At this point, it’s the experiences and therapies these devices will deliver that should be the primary concern.

“The headset is sort of like a syringe. What I mean by that is what matters is not so much the syringe, but the medicine that goes through the syringe; the syringe is a platform that we use to deliver the medication,” Spiegel said. “I’m sure we all have our own interests in terms of what headsets are best, but the headsets are always changing. What matters is, to me, the software.”

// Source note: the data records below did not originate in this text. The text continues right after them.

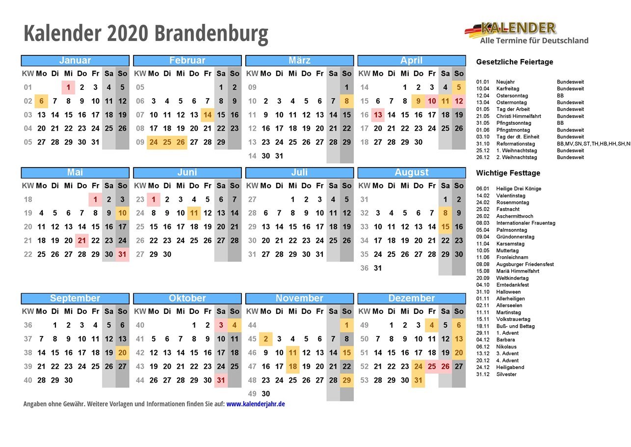 - Kalender 2020 Brandenburg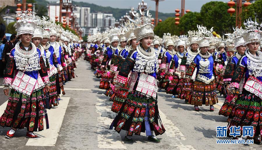 4月18日,臺江縣苗族群眾參加盛裝游演活動。 當(dāng)日,貴州省黔東南苗族侗族自治州臺江縣迎來一年一度的苗族姊妹節(jié)。節(jié)日期間將舉行苗族盛裝游演、千人長桌宴、千人游方體驗、苗族手工創(chuàng)意大賽等一系列活動。 姊妹節(jié)是臺江縣苗族同胞的傳統(tǒng)節(jié)日,2006年被列入第一批國家級非物質(zhì)文化遺產(chǎn)名錄。 新華社記者 楊文斌 攝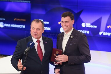 Журналист информационно-просветительского проекта «Социальный навигатор» Денис Морозов (слева) и старший научный сотрудник лаборатории нейрофизиологии когнитивного развития ФГБНУ «Институт развития, здоровья и адаптации ребенка» Илья Талалай. Торжественная церемония награждения лауреатов конкурса молодых ученых Российской академии образования (РАО) в Международном мультимедийном пресс-центре в Москве.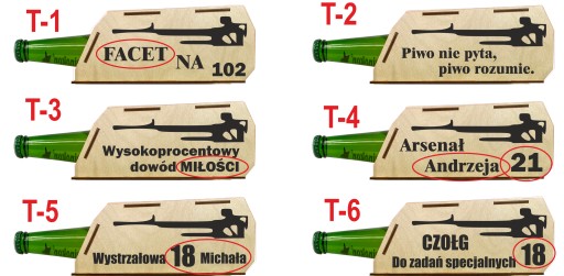 - Imię podaj w wersji odmienionej (Michałowi, Michała), jeśli wzór przewiduje liczbę lat i ma ona znaleźć się na czołgu to również ją napisz w wiadomości.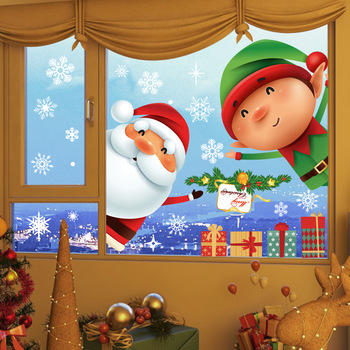 Yüksek kalite noel atmosfer çıkartmalar karikatür karakter noel pencere çıkartmaları ev dekorasyon için tema çıkartmalar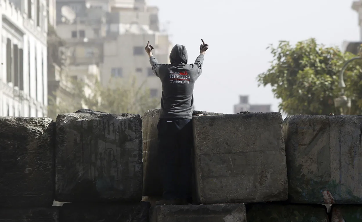 A protester on the wall towards riot police along Sheikh Rihan street near Tahrir Square in Cairo, on January 25, 2013. Opponents of Morsi and his Muslim Brotherhood allies massed in Cairo's Tahrir Square to revive the demands of a revolution they say has been betrayed by Islamists. (Photo by Amr Abdallah Dalsh/Reuters via The Atlantic)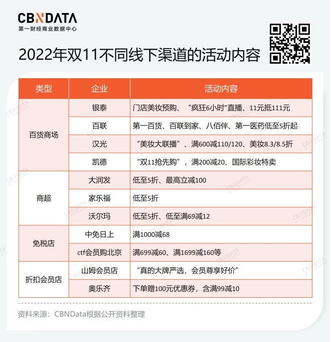 除了百貨店,商超、免稅店、會員店、折扣店也都在就雙11做活動,但力度卻有所不同。一批玩家因為渠道定位、降價空間等多種原因,投入雙11的力度有限,甚至極為克制。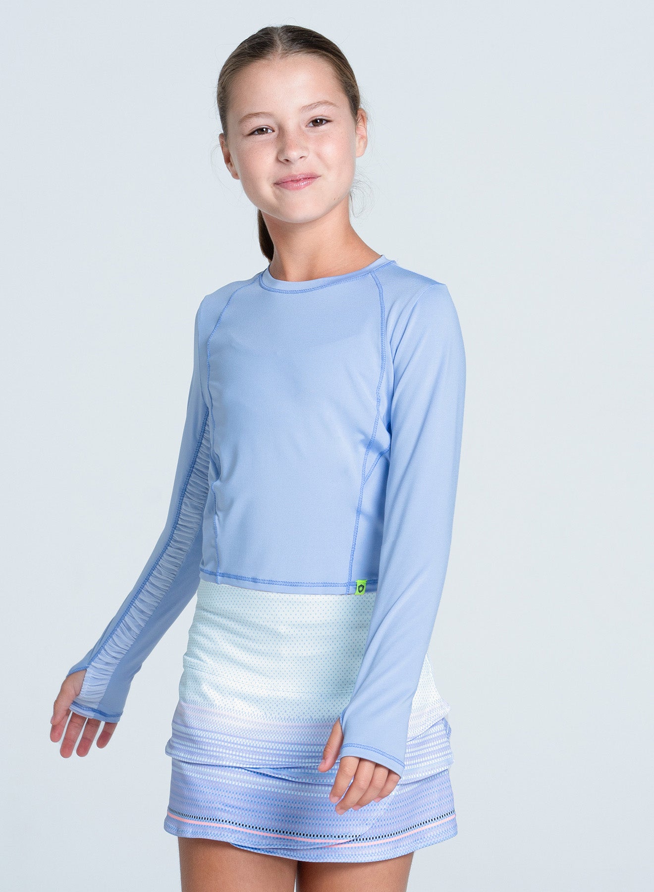 A vibrant skirt that adds color to her play. Lucky’s signature scallop skirt is done in a modern ombre that's done in a sophisticated color palette. Comes with a built-in performance shortie with pockets.

Spiegel stressed the need for a diverse and curated software library by extending his medication analogy — if a doctor were to treat every single patient with only one or two different drugs, then they wouldn’t be a very effective physician. Dr. Joann Difede, a professor of psychology at Weill Cornell Medical College who’s treated PTSD patients with VR for years, likened the software curation and technology deployment challenges to the development of any other “standard of care,” which can help guide interested programs starting from scratch.

“That’s probably the more exciting buzz that goes with all of these infrastructure delivery problems we’re talking about: A standard of care for children under the age of 12, for example, a standard of care for the elderly where there are greater risks for falls, standard of care for PTSD patients,” she said. “That’s why we’re having all these conferences and meetings trying to come up with [best practices], so then we can advise people: ‘The universal protocol for infection control is hand washing. Well, the universal protocol for VR in kids is X kinds of software, delivered with this equipment, and this company does the training, that company does the service, and they all meet the FDA or Joint Hospital Commission standards for good practice.’ Just as we’ve done for drug delivery and drug testing, but we’re not quite there yet.”

Settling the bill

Even if each of these challenges was nailed down and easy to deploy, the panel was hard pressed to see many hospitals taking the plunge without reimbursement. Difede said tackling the “unsexy question of regulation” is likely the first step to getting payers on board, with Spiegel noting that the FDA has announced its first public panel on VR to be held in March.

Some providers are already finessing some of the broader billing codes to finance their services, he continued, but the technology is going to have to see broader support if VR is going to make it the last mile to adoption and large-scale implementation.

“Right now, there are clinicians who are getting reimbursed for VR. So for example, VR exposure therapies for phobias,” Spiegel said. “There isn’t a code for VR exposure therapy, but there’s a code for exposure therapy and there’s a guy, Dr. Howard Gurr, who’s out in Long Island. That’s most of what he does — he distinguishes his clinic by virtue of using VR exposure therapy, but he bills for that service. There are rehabilitation clinicians who are using VR in FDA-cleared programs for stroke rehabilitation that can fall under different billing codes.

“All of this is to say that this is really scaling now. There’s a lot of regulators, agencies starting to evaluate this — and I feel like we’re almost there to get this paid for — but until that happens [VR is] still a little bit of a niche thing.